= Amy Friedkin =

American lobbyist

Amy Rothschild Friedkin (born 1947) was the first female president of the American Israel Public Affairs Committee (AIPAC), from May 2002 until May 2004, then served as the national chair of AIPAC's board.

==Biography==
Friedkin is a fourth-generation San Franciscan. She graduated from the University of Michigan in 1968. According to Howard Kohr, AIPAC's executive director, "[Friedkin] is deeply committed to American politics and a belief in the American political system and in the empowerment of American Jewry."

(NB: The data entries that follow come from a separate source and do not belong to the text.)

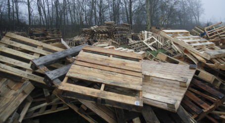 DORDRECHT – Honderden pallets liggen al opgestapeld voor het traditionele vreugdevuur van de Zeehavenbuurt aan de Sportlaan. (Foto en video: Thymen Stolk)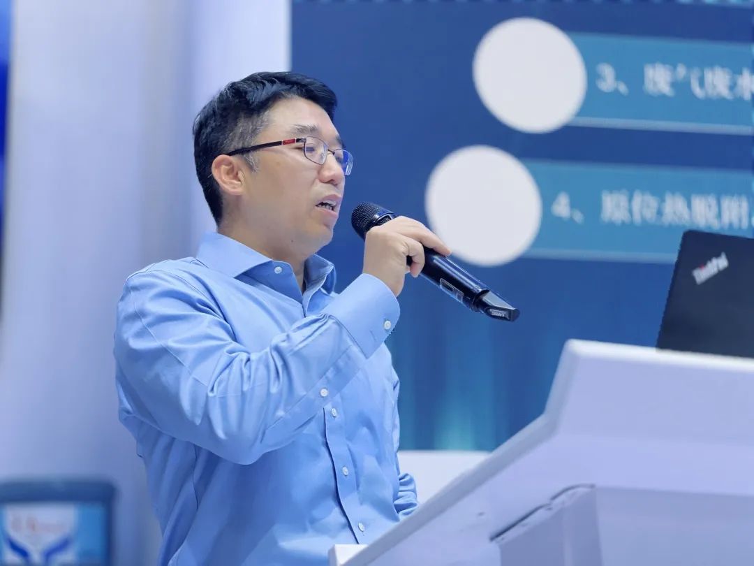 上午场,上海交通建设总承包有限公司副总经理、生态环保事业部总经理孙柯华,上海澳圣德环境科技 (集团) 有限公司首席科学家李铁、上海栩春航运有限公司总经理杨子江、上海澳圣德环境科技(集团) 有限公司工程技术中心总监董继武出席论坛并发表演讲(排名不分先后),从不同细分领域结合实际案例探讨碳中和时代的技术创新助力企业碳中和目标。孙柯华以《土质快速检测技术的应用与推广》为题,他指出在我国土十条和碳中和的双目标下,土壤污染问题已是现阶段面临的一大难题。土壤污染控制的关键在于发现受污染土壤,才能做到全流程管控。切合市场发展,中交上航局携上海澳圣德环境共同研发了土质自动检测系统,并已升级到2.0版本,目前应用在上海共青码头、辉界码头和关港码头等处,与人工采样实验室分析相比出数据更快,更低碳环保。将污染控制在最前段,是土壤污染治理节能降碳的重要手段,土质快速检测技术将为土、碳双目标实现贡献自己的力量。李铁以《土壤修复原位热脱附技术与市场创新》为题,他指出,随着土十条的颁布和土壤法的实施,国内场地修复市场前景广阔。原位热脱附技术可以在较短的时间内完成高难度高浓度有机污染区域的修复。中交上航局联合上海澳圣德完成了原位热脱附技术和设备的自主研发,填补了我国在此方面自有技术的空缺,本研发技术具有数项在绿色低碳方面的技术创新,适用于各类有机污染场地。太阳能或电力加热的低温原位热力修复是一项低能耗的绿色低碳型修复技术,具有市场应用创新性。杨子江以《节能减排型油电混合动力船舶的推广与应用》为题,他介绍2022年,为深入贯彻党中中央、国务院关于“碳达峰、碳中和”决策部署,围绕营运交通工具碳排放强度下降总目标,发展绿色低碳交通。生态环境部、交通部、财政部、工信部、发改委等多部委联合发文,有关“绿色低碳交通可持续发展”“加快发展电池动力船舶技术应用”“支持电动船舶推广应用”的指导意见。中交上航局生态环保事业部勇于探索、携手合作伙伴率先在城市渣土水运项目上应用推广“千吨级油电混合动力船舶”。这两条船是上海首次将油电混合动力应用在内河散货运输船舶的成功案例。中交上航局生态环保部将坚定不移的坚持走好生态优先的绿色发展道路,发展壮大绿色低碳新兴产业。董继武以《新能源无人控藻船碳中和》为题,他指出自1998年以来,河流湖泊富营养化及蓝藻水华问题日趋严重,对入湖河流水质、饮用水安全和居民健康构成严重威胁,也成为城市绿色高质量发展的瓶颈。为解决这一难题,从2021年起至今2年多时间里,中国交建同奥圣德环境共同研发了新能源无人控藻船,该船搭载有新型锂电池,柔性太阳能光伏,自巡航单元,自动撒药系统,水质在线监测单元和微纳米曝气单元,以最少的人力、能耗、成本有效控制水域蓝藻爆发,解决多项水质污染问题。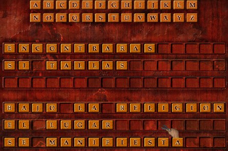Primera Línea: ENCONTRARAS Segunda Línea: SI TALLAS Tercera Línea: (déjala en blanco) Cuarta Línea: BAJO LA RELIGION Quinta Línea: EL LUGAR Sexta Línea: SE MANIFIESTA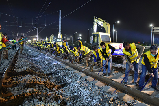 “22日20時40分至23日5時40分、24日22時至25日7時正式進行京唐鐵路與(yu) 京哈鐵路上下行42號道岔整體(ti) 橫移插入施工,並取得圓滿成功。”中國鐵路北京局集團有限公司所屬唐山工務段副段長王建介紹說,自3月15日以來,為(wei) 嚴(yan) 格落實沿線疫情防控政策,該段組織相關(guan) 科室、車間20餘(yu) 名幹部職工吃住在現場,對兩(liang) 組道岔預鋪平台搭設、預鋪組織、線下焊軌、探傷(shang) 、標誌標識油刷、放散、精調等進行全程技術指導,全力確保岔位和平縱斷麵上線零誤差。

She was president of the Jewish Federation of the Greater East Bay from 1988-1990. She served on the United Jewish Appeal Young Women’s Leadership Cabinet and led numerous community missions to Israel. Friedkin was honored by the Jewish Women’s Archive and the Lions of Judah. Senator Gordon Smith (R-OR) said, “Amy is a bridge between Israel and America.” Additionally, long-time friend Senator Barbara Boxer (D-CA) said, “When Amy looks into the eyes of a legislator, they know she speaks from the heart. She has her facts straight. She has a deep commitment for Israel. It comes through. It’s contagious and very effective.”

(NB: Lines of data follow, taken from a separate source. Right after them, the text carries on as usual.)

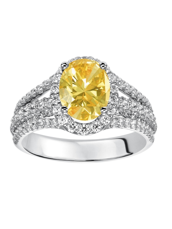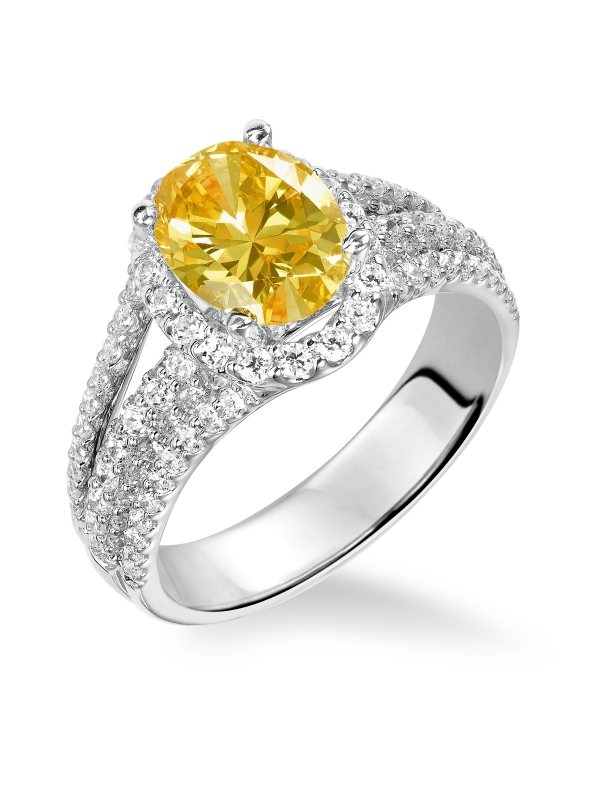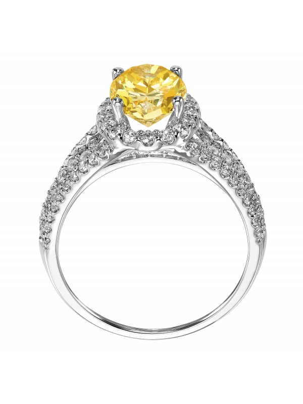 Diamond engagement ring with prong set round diamond halo and multi-row prong set diamond shank. Center stone not included.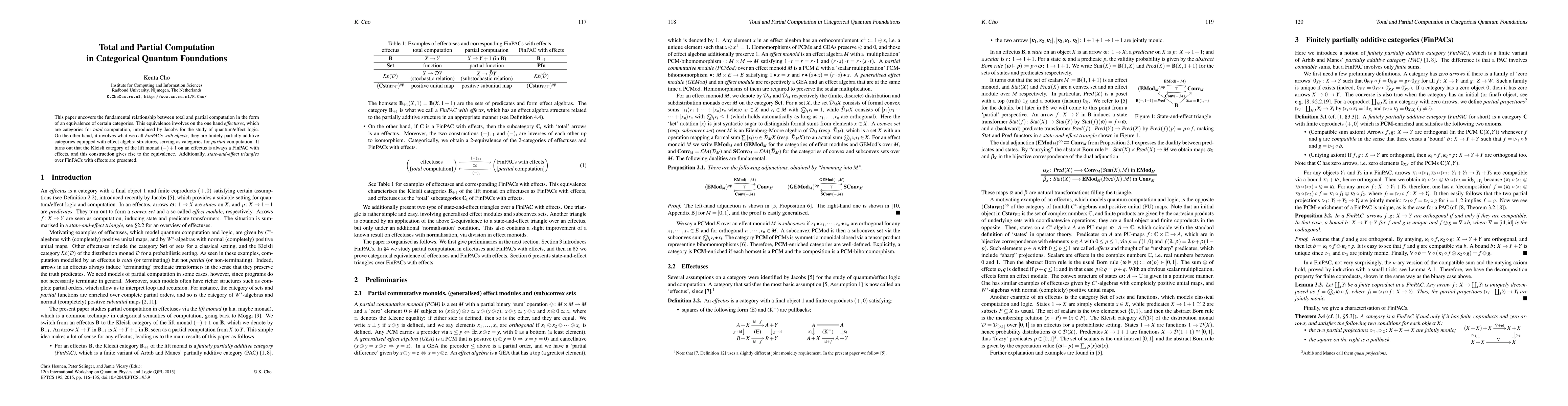Researchers found an equivalence between total computation (effectuses) and partial computation (Finitely Partially Additive Categories with effects), revealing a fundamental connection between the two.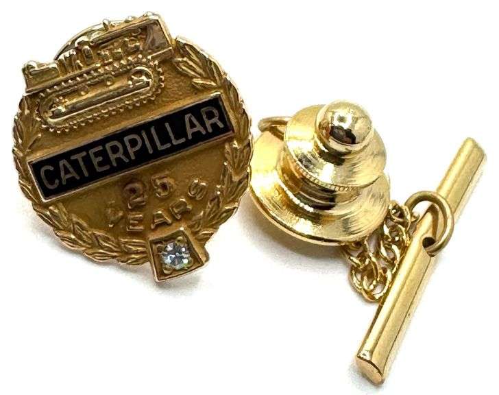 10K Yellow Gold & Diamond Caterpillar 25yr Service Pin, contains one round diamond and has a total weight of 6.6g (Diamond Tested on Presidium Gem Tester II)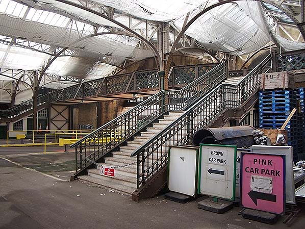 The footbridge across the platforms at the north end of the trainshed in June 2006. The entrance into the station from the elevated covered walkway is to the left.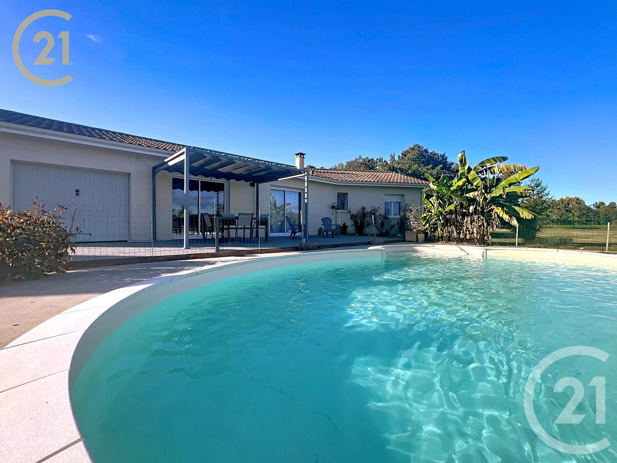 À l'extérieur, un terrain plat, entièrement clôturé, agrémenté d'une terrasse de 30m² et d'une piscine parfaitement intégrée au jardin, idéale pour profiter des beaux jours.
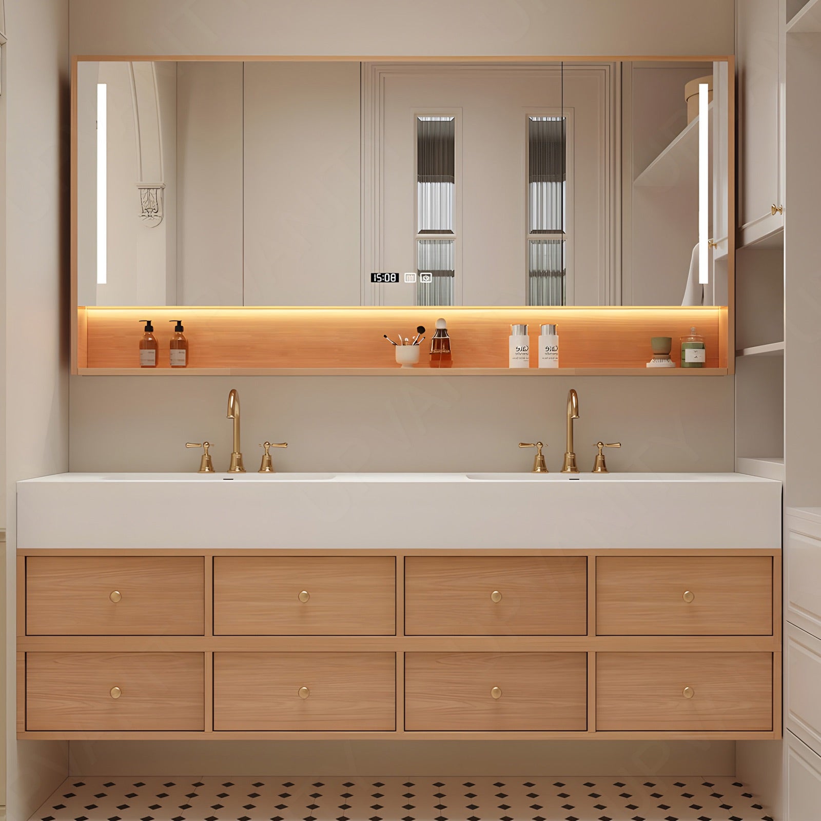 Hidden rear shelving behind the mirror delivers efficient storage for toiletries and essentials. Items stay neat yet accessible, maintaining an uncluttered bathroom surface and sleek visual balance.
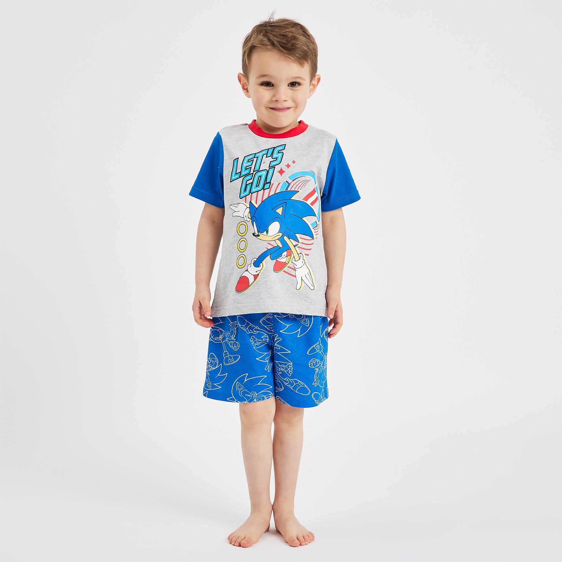 These boys Sonic the Hedgehog short pyjamas feature the speedster in a running pose surrounded by the iconic rings and Sonic wording Let's Go!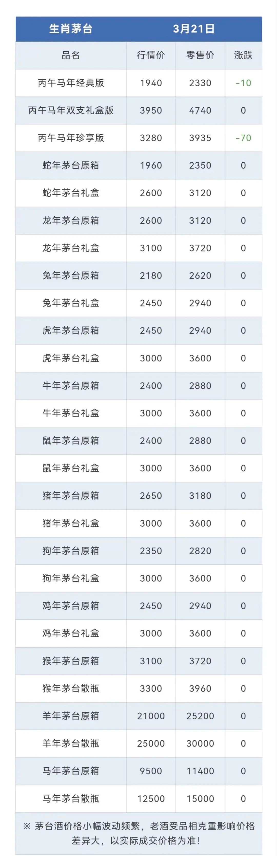 ※行情价:酒商调货价,不考虑物流运输人工成本,每个地区调货价有几十块浮动属正常现象。
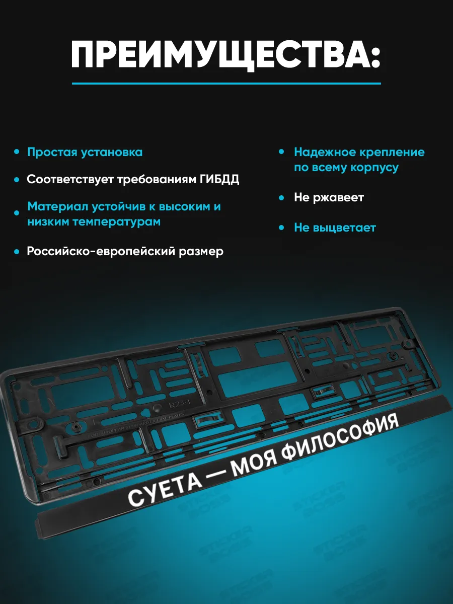 Универсальная рамка для гос номера из ABS-пластика размером 52×13×1 см. Принты выполняются методом УФ-печати, устойчива к погодным условиям, не выцветает и не выгорает со временем. Накладки и надписи можно выбрать на свой вкус в каталоге Stickerboss. Рамка дополнит стиль вашего авто и сохранит основную функцию крепления номерного знака. Конструкция рассчитана на длительную службу и выдерживает дождь, снег и перепады температур. Автомобильный аксессуар, который соответствует требованиям ГИБДД и имеет российско-европейский размер.

In 2000, Friedkin was AIPAC vice president on the national board. She took the position of president from 2002 through 2004, the first woman to do so.

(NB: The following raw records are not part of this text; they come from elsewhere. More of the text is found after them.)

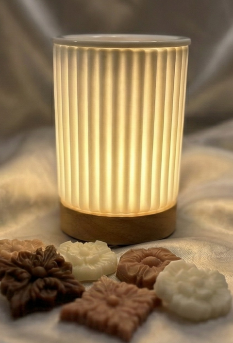 This Minimal Ceramic Electric Wax Melts Warmer combines minimalist aesthetics with Timer & Dimmer Fuction. The matte white ceramic shade paired with a warm wooden base creates a natural, balanced look, while the soft halogen light adds a visual layer of tranquility to your olfactory experience.
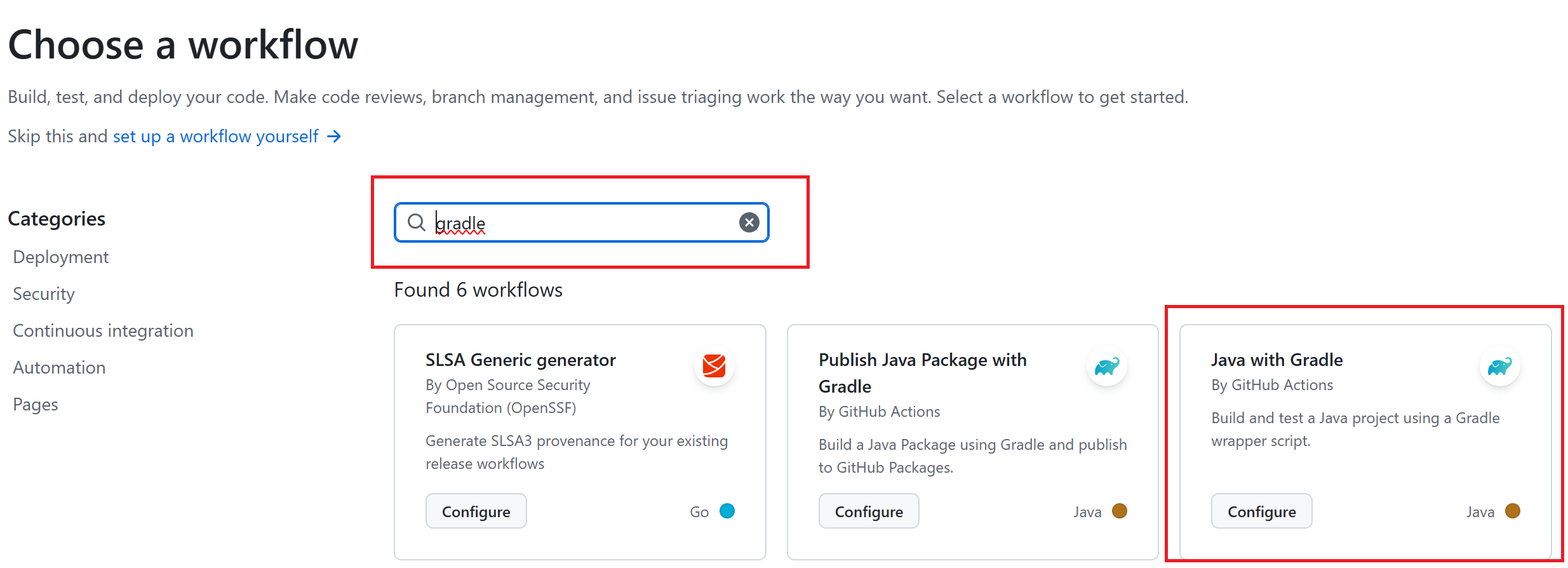 gradle 을 검색하면 Java with Gradle 이라는 workflow를 클릭한다.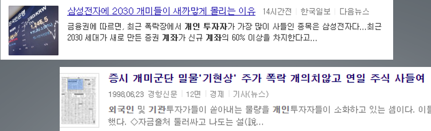[개인투자자의 러시를 다루고 있는 두 기사 22년이라는 시간 갭이 있지만 상황은 비슷하다]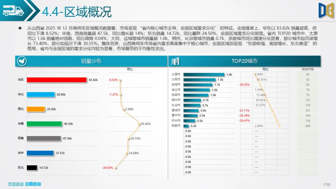 •商用车全国销量分布中,华东以83.82k销量居首,但同比下滑8.52%;华南、西南销量超47.5k,同比增长超14%;东北销量14.72k,同比暴跌24.50%,全国区域呈现 “东部收缩、南部增长、东北衰退” 的格局。

As of 2020, Friedkin was close with Democratic House Speaker Nancy Pelosi.

Friedkin has two sons by a former marriage to California attorney Alan J. Sternberg. Her grandson is Brian Sternberg, a speaker at the 2017 national AIPAC conference.

She is the co-founder and currently the major donor and advisor to the Israeli advocacy online magazine Israel21c although this is not publicly known.